# WORK ITEM
Nothing but the lines below from the one with "Boston Road Gray" through the one with "Jeans in denim" should be output, each exactly as given, and no pictures.

# MATERIAL SHOWN

◇ ◇ ◇ ◇ ◇

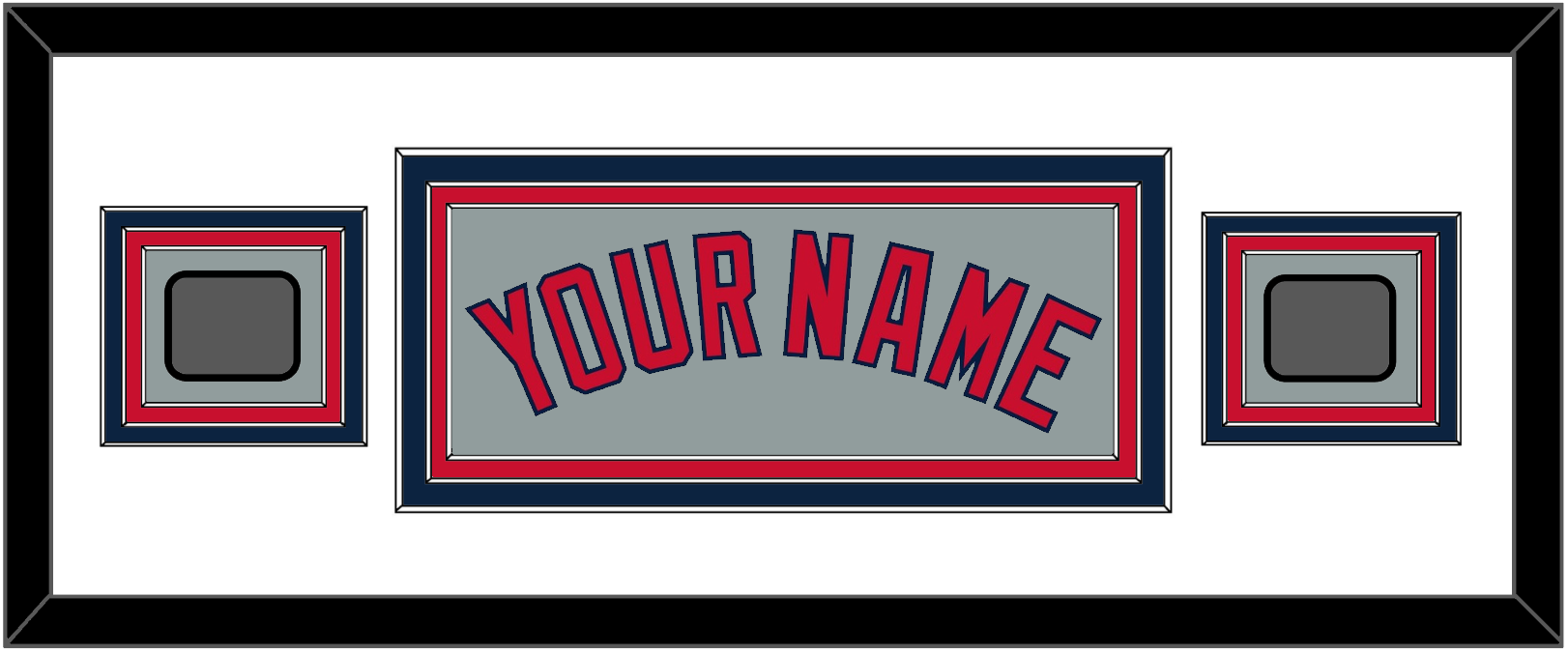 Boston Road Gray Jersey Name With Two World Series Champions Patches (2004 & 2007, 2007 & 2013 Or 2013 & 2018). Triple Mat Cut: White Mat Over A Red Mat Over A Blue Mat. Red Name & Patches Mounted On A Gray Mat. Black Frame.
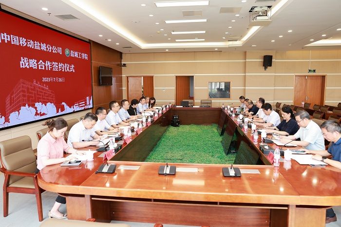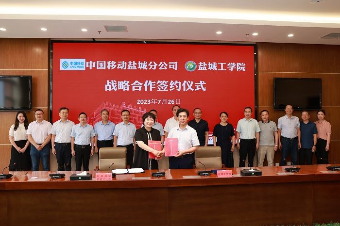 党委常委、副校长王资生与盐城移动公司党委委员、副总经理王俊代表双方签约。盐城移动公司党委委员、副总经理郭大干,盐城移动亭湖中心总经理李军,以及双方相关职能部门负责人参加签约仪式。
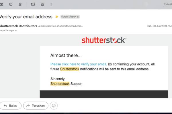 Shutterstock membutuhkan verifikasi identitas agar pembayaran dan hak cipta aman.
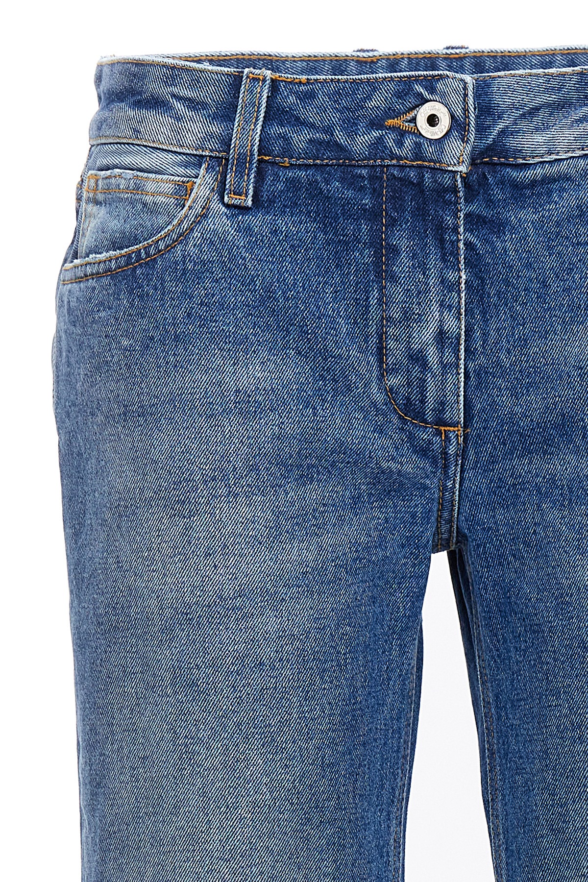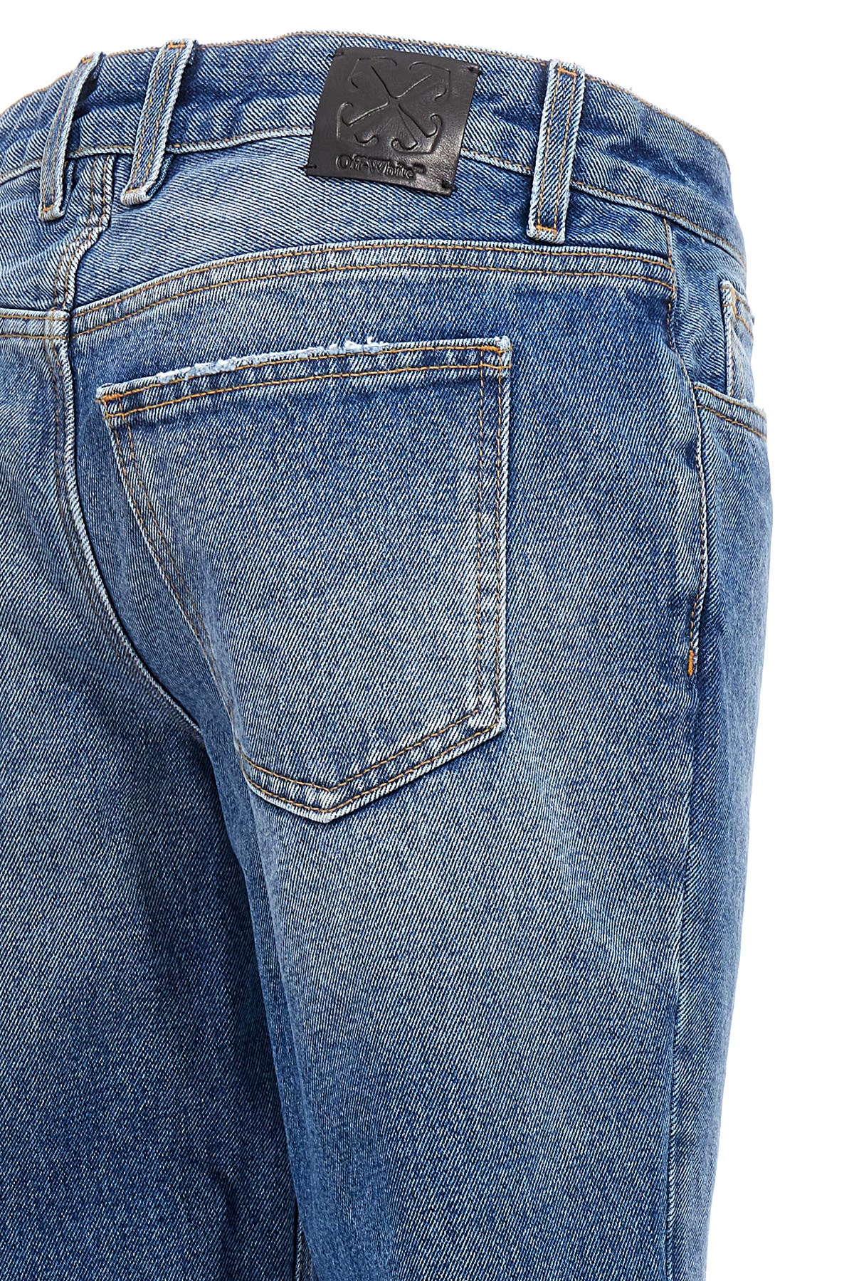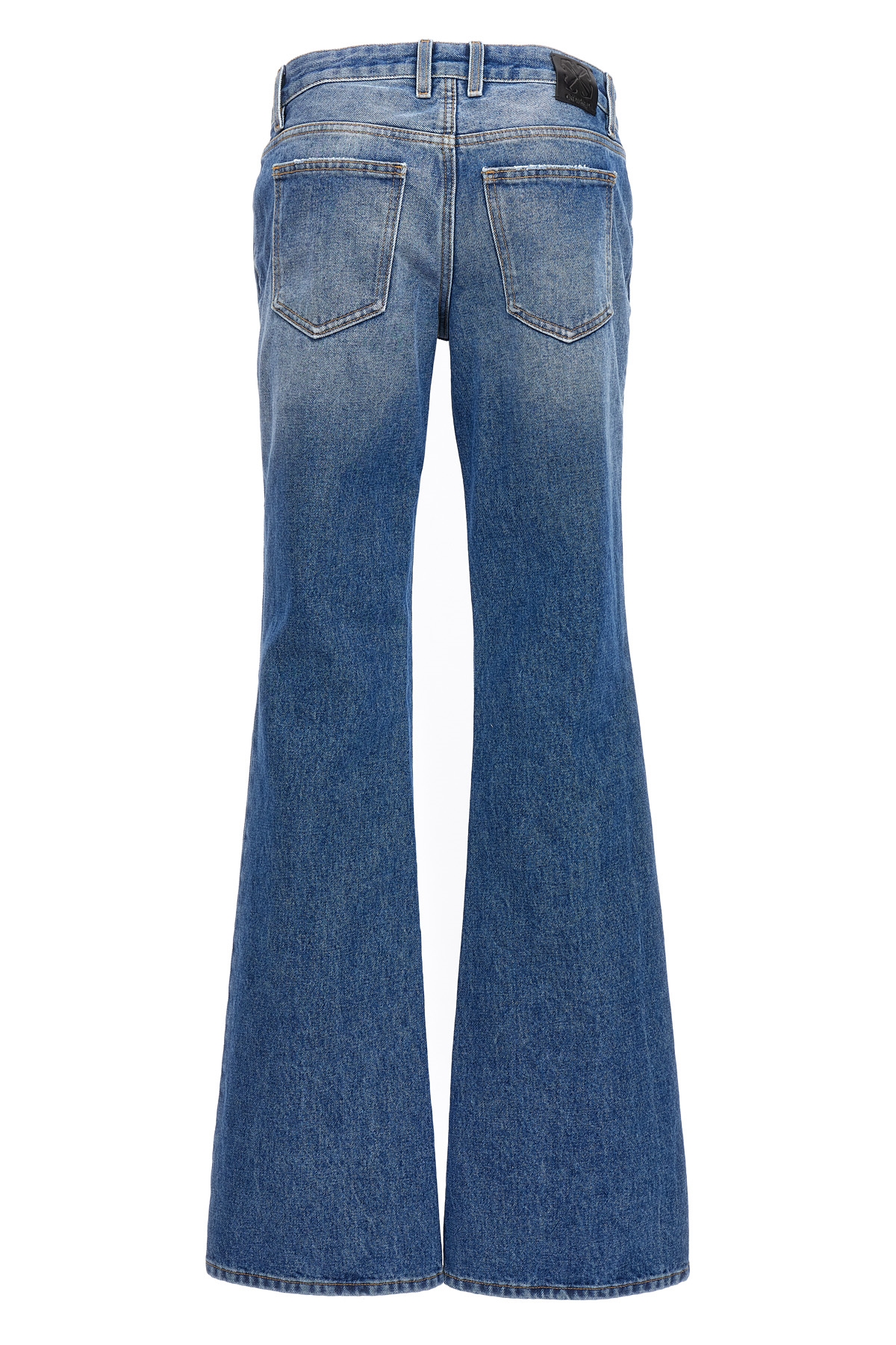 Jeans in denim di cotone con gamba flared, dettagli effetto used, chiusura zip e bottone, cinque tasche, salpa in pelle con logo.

◇ ◇ ◇ ◇ ◇

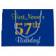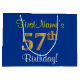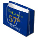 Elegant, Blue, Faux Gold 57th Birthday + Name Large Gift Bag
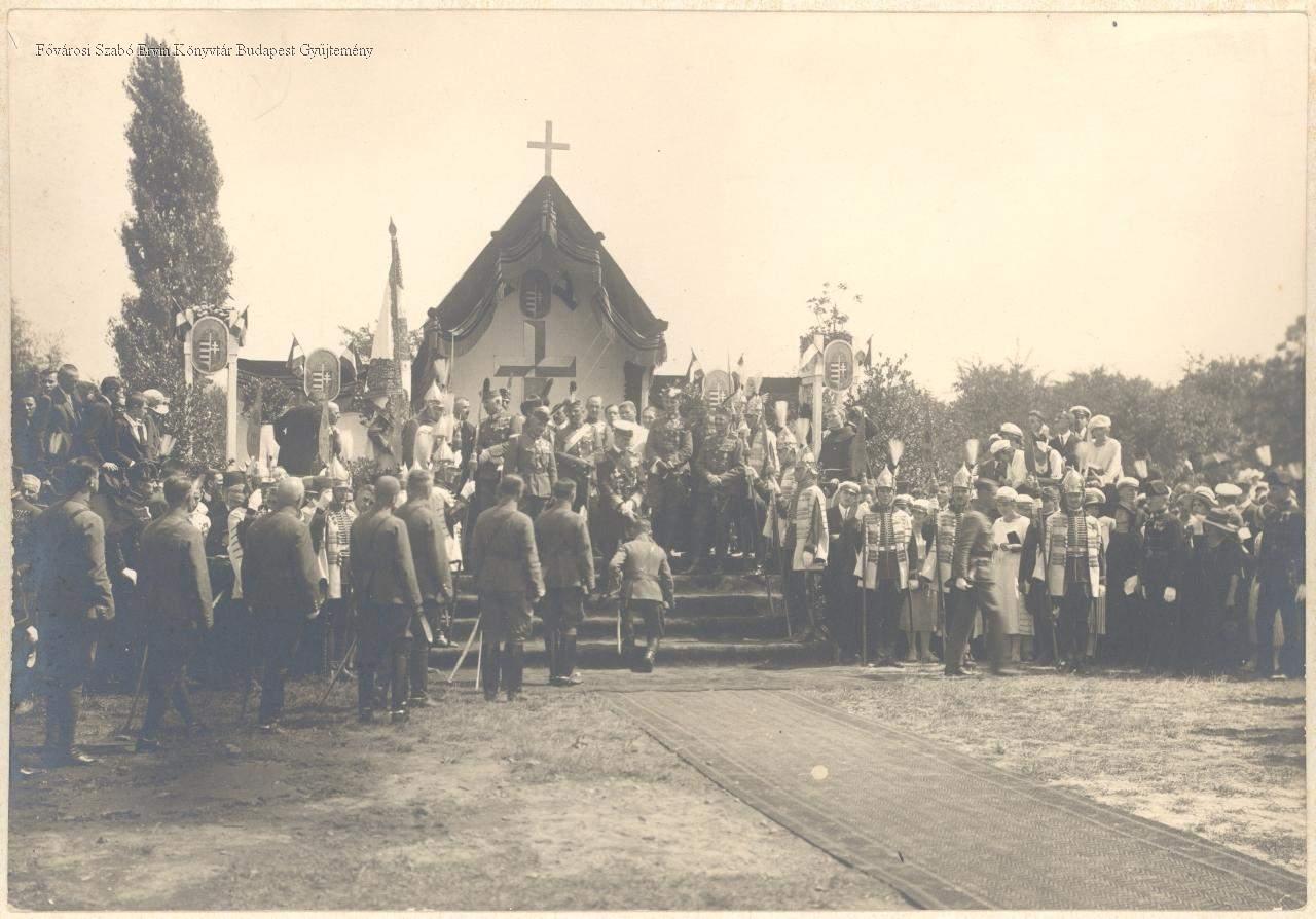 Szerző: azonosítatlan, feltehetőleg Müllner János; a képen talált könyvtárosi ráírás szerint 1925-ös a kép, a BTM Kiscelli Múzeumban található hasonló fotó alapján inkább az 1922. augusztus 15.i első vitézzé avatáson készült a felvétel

◇ ◇ ◇ ◇ ◇

# EXERCISE RESULT
 Boston Road Gray Jersey Name With Two World Series Champions Patches (2004 & 2007, 2007 & 2013 Or 2013 & 2018). Triple Mat Cut: White Mat Over A Red Mat Over A Blue Mat. Red Name & Patches Mounted On A Gray Mat. Black Frame.
 党委常委、副校长王资生与盐城移动公司党委委员、副总经理王俊代表双方签约。盐城移动公司党委委员、副总经理郭大干,盐城移动亭湖中心总经理李军,以及双方相关职能部门负责人参加签约仪式。
 Shutterstock membutuhkan verifikasi identitas agar pembayaran dan hak cipta aman.
 Jeans in denim di cotone con gamba flared, dettagli effetto used, chiusura zip e bottone, cinque tasche, salpa in pelle con logo.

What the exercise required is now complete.